The settlement listed in Domesday grew from an ancient village close to the church. It has as many 18th-century Georgian buildings as modern houses. Until the Kidlington Inclosure Act 1810 (50 Geo. 3. c. clviii) was implemented in 1818, a large area south of it was unenclosed common land and the village widely known as Kidlington-on-the-Green. The land was built up as a garden city just before the Second World War. In the 1920s and 1930s, Kidlington was subject to ribbon development along the main (now A4260) road through the village.
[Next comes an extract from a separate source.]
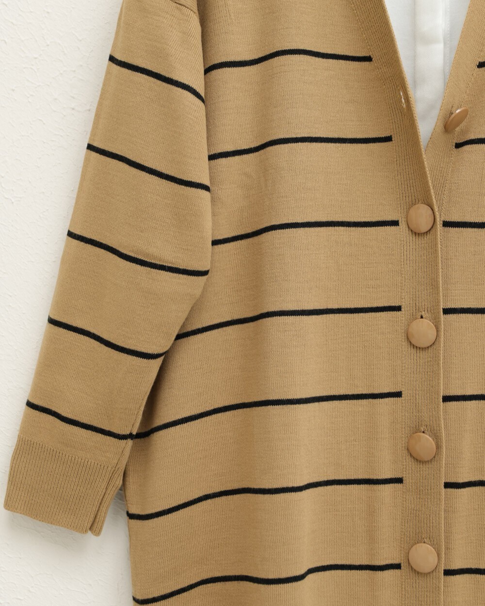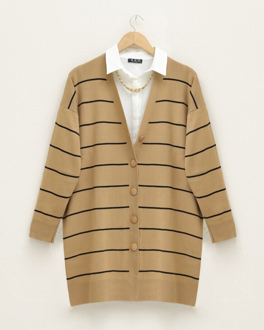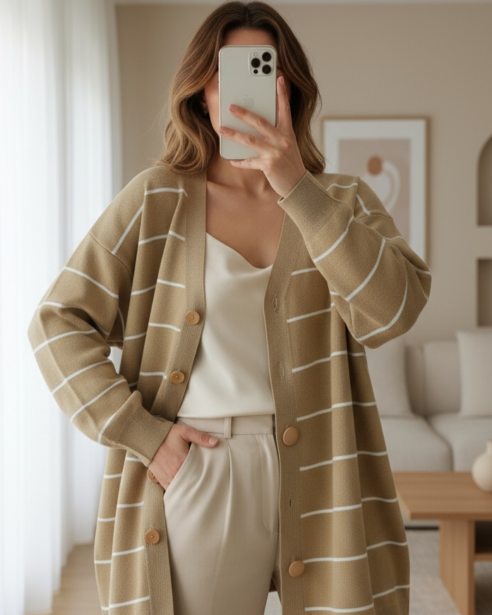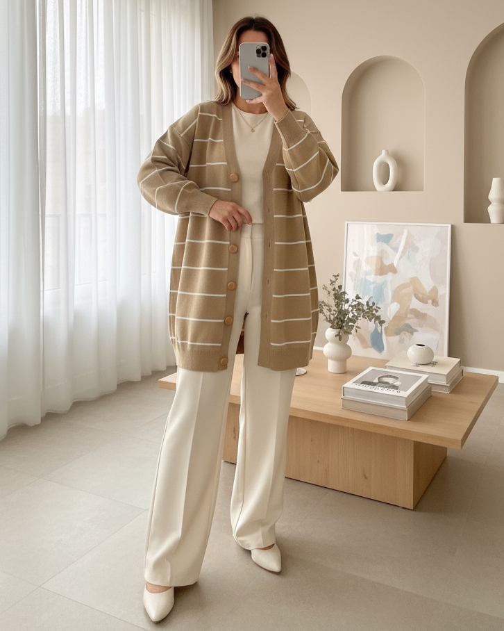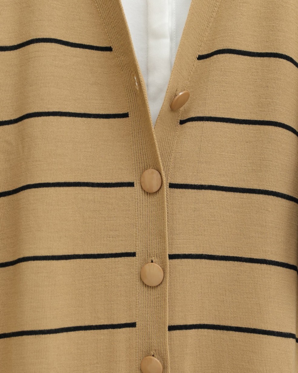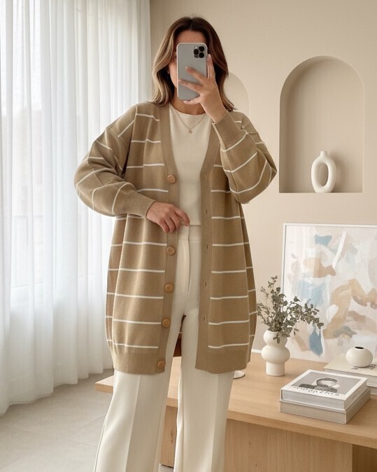 يعتبر موديل السترة المحبوكة المخططة والمزودة بأزرار أمامية من بين الموديلات الأكثر شعبية للموسم الجديد.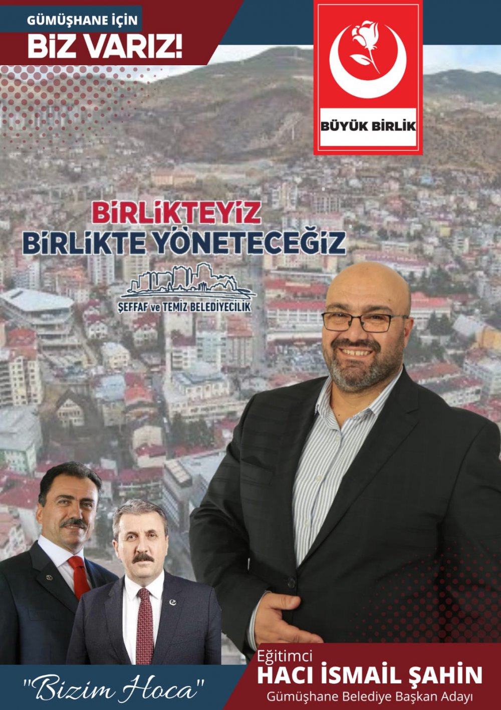 Büyük Birlik Partisi (BBP) Gümüşhane İl Başkanı Rıdvan Taşkın, 31 Mart mahalli idareler seçimlerinde Gümüşhane Belediye Başkan adaylarının Hacı İsmail Şahin olduğunu açıkladı.

Since 1945 many housing estates have been built behind this on both sides. Oxford Zoo was once located in Kidlington, where the Thames Valley Police headquarters now stands. It was open only from 1931 to 1937, when the animals were transferred to Dudley Zoo. In 2018, an elephant sculpture was installed on a roundabout at the southern end of Kidlington to commemorate the zoo and an elephant that lived there.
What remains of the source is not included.